# [Available records]
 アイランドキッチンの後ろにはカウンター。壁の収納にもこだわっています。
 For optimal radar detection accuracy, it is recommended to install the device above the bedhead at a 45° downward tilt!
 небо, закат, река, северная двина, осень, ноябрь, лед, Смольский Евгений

--

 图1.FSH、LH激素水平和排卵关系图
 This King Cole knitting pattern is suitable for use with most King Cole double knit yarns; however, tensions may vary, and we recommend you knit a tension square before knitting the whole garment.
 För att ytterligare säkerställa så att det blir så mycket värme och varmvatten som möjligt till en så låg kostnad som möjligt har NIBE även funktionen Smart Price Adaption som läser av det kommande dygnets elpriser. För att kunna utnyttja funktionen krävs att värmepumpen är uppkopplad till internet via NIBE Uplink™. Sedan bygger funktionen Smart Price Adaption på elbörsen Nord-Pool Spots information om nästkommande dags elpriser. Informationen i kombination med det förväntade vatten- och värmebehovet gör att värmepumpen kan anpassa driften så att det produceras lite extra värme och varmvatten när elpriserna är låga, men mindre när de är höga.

==

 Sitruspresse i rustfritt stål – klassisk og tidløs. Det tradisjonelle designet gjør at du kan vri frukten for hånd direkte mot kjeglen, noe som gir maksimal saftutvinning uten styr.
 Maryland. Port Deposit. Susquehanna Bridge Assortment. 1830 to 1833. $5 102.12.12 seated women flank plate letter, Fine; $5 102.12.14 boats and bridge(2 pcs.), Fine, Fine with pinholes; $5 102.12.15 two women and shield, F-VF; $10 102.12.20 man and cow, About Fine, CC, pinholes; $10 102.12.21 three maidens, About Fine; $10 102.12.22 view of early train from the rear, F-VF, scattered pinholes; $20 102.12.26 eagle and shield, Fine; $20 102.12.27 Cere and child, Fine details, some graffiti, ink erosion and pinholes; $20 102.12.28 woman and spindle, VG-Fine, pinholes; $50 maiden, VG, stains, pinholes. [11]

# [Your objective]
Looking at the records, how many of the lines contain the string "with"? Only the number should be given.

# [Output for this exercise]
2